There was a time when, if you wanted to improve the appearance of your arms, all you had was some lotion, a dumbbell and a dream. Today, we have more or less the same goals as we did decades ago—sleek, contoured arms with smooth, bump-free skin—but the resources to achieve them have advanced and expanded.
Fitness + Nutrition
Whether the goal is holding off on procedures or maintaining their results, exercise and nutrition both play a role in how sleek and toned the arms can look. A key area to focus on at the gym?
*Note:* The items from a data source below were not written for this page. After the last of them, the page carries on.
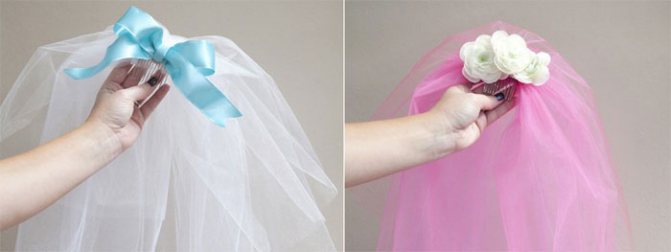 Для изготовления головного убора для девичника используют такие геометрические фигуры, как прямоугольник или ромб. Работу выполняют по тому же поэтапному плану, что и для подвенечного атрибута. Для украшения используют шелковые ленты, стразы, бусы, цветы. В завершение не остается ничего другого, как пришить фату к выбранному креплению.
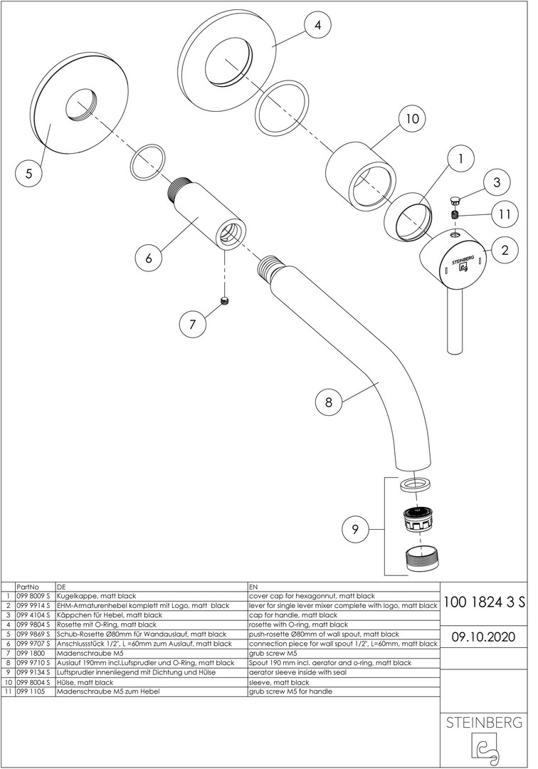 Steinberg Fertigmontageset Serie 100 Waschtisch-Einhebelmischer, Wandmontage, Ausladung 245 mm, matt black W323574
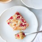 Fordel hindbær skåret i kvarte og resten af den hakkede, hvide chokolade udover kagen

The triceps. “My go-to exercise for tricep contour is the standing tricep extension with a dumbbell,” explains trainer Lacey Stone, who says her celebrity clients “love the results they get from doing this often.” Trainer Gunnar Peterson adds to that game plan with bench dips, close-grip push-ups and overhead extensions, calling them “the triple threat.” However, spot-treating the arms won’t produce that covetable contour if nutrition isn’t on point—Stone says healthy eating is at least 70 percent of how a person looks. Furthermore, expectations must be realistic based on each individual’s starting point. “No exercise can completely eliminate the flabbiness,” Stone says, “but if you have a healthy diet, do five to six hours of cardio a week and consistently do the tricep exercises I suggested three times a week over the course of four to eight weeks, you will see awesome changes.”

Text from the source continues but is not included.